«Громозека» занял нишу трагикомедии для взрослых людей

Фильм Владимира Котта «Громозека», не получивший наград на фестивале «Кинотавр», занял, однако, очень важную, полупустую до сих пор нишу в нашем кино – трагикомедии для взрослых людей
P&I Films

Лет двадцать пять назад эти трое выступали в школьном ВИА «Громозека» – клеша, блестки, отросшие стрижки – и исполняли песню Пахмутовой и Добронравова про птицу счастья завтрашнего дня. «Завтра будет лучше, чем вчера. Лучше, чем вчера. Лучше, чем вчера». На сцене картонная птица счастья многообещающе взмахивала крылами. Разумеется, просто так, ничего такого не гарантируя. Как было у Володина в «Пяти вечерах», «молодость – окаянная штука, обещает и обманывает». Бывшие одноклассники встретились в бане накануне вечера выпускников, грустные и немолодые; на лысоватых головах – буденновки (видимо, в бане принято ретро, ностальгический флер советского детства сегодня в моде). Как дела? Нормально.

Фильм Владимира Котта о людях, выглядывающих из-под обломков жизни, которая с ними случилась. Обычная жизнь, запутанная, грустная, одновременно с драмами и без драм – как у всех. У героя, ставшего таксистом (Леонид Громов), – красная шапка-петушок и дочка – звезда лубочного порно. Милиционера (Борис Каморзин) не любит жена. У хирурга на столе умирает ребенок, а еще есть жена, любовница, разросшаяся грибница вранья и рак легких. Как дела? Нормально.

В плюсы Котту можно сразу записать, что «Громозека» – кино не ностальгическое. На теплых чувствах к любительской колбасе по два девяносто не спекулирует. Кроме открывающей и финальной сцен, в картине нет флэшбэков, только время от времени звучит ансамбль «Самоцветы». Другой вопрос, что герои фильма, конечно, люди советские, несовременные, выкорчеванные из земли, не отсюда. Пространство фильма (напоминающее чем-то картины финна Аки Каурисмяки) – обломки (по выражению одной михалковской героини) «чего-то большого, советского такого». Постсоветская Нетландия, зона. Призраками появляются в эпизодах Красная Шапочка – Яна Поплавская, Электроник с Сыроежкиным – братья Турсуевы и Буратино – Дмитрий Иосифов. «В его руках от счастья ключ, / И потому он так везуч». Ключа от счастья ни у кого не оказалось. Даже воспоминания стареют, а на смену им ничего не пришло. Страна на экране выглядит условной, потому что такой она видится героям картины: дети их, кажется, разобрались, что к чему, а эти... Только непрекращающаяся зима («Зима задолбала», говорится в лучшем в фильме диалоге) и то, что под ногами всегда скользко и темнеет рано, – вот что у нас у всех общее: и тридцать лет назад, и двадцать, и теперь.
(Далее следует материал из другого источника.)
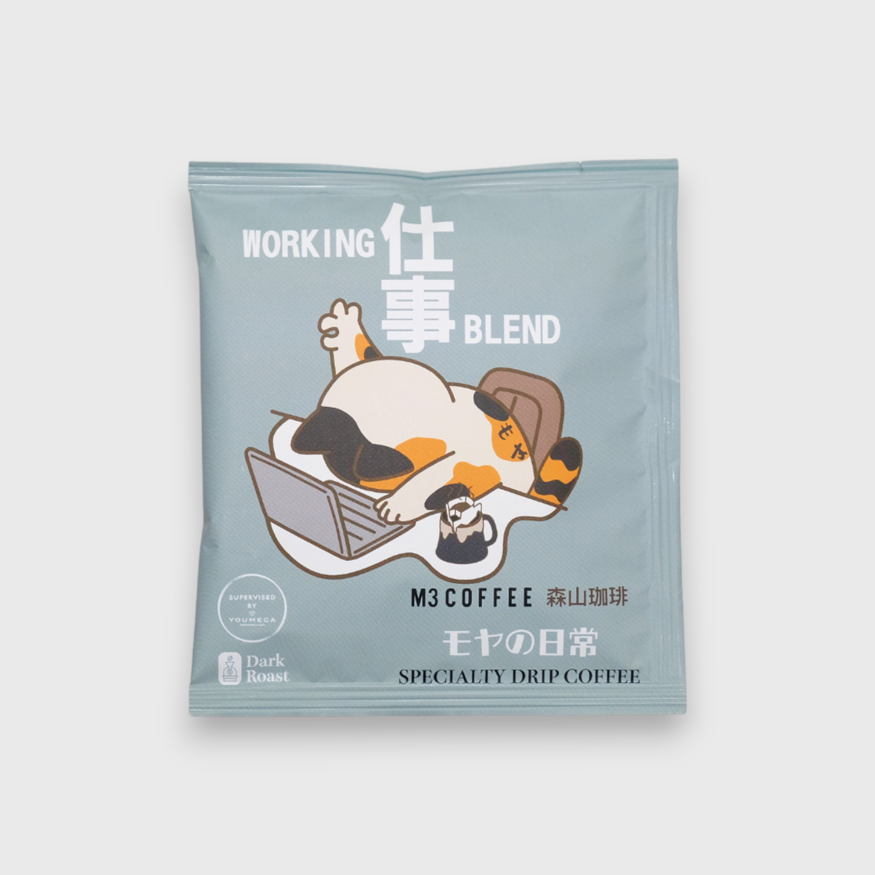 To celebrate M3 's 2nd anniversary , after more than half a year of preparation , the first installment of the "2nd Anniversary Celebration Project" – M3's own-brand drip coffee bags – is finally here! This time, our partner is Osaka YOUMECA, who became a sensation in Loft, Japan for their "Dessert Companion Drip Coffee Bags." They supervised the production of our drip coffee bags, which are not only made in Japan but also use nitrogen-filled packaging to extend shelf life and preserve the coffee's optimal flavor! The packaging is themed around M3's mascot cat, " Moya 's Daily Life ," and features 5 different coffees suitable for different times of day, perfect for mornings, afternoons, work, desserts, and relaxing moments. Each one has been meticulously researched by Japanese roasters, who have carefully selected the right beans and roast levels, ensuring you can enjoy the best flavor at any time and change your mood anytime!

«Громозека» вообще очень похожа на советское кино конца 70-х – начала 80-х годов. Круглосуточное вранье себе самому и другим, суетная и пустая жизнь – это все, разумеется, застойные дела. Привет «Осеннему марафону» и «Полетам во сне и наяву». И в то же время картина не только о зачем-то оставшихся в живых гражданах затонувшей Атлантиды, но и о том, какие, в сущности, трогательные, хрупкие и уязвимые это существа – мужчины. У оригинального, булычевского Громозеки было, если помните, целых три сердца. В фильме Котта их тоже, по числу главных героев, три. Все, в общем, бестолковые и все бьются. И по сегодняшним меркам это ведь уже очень много.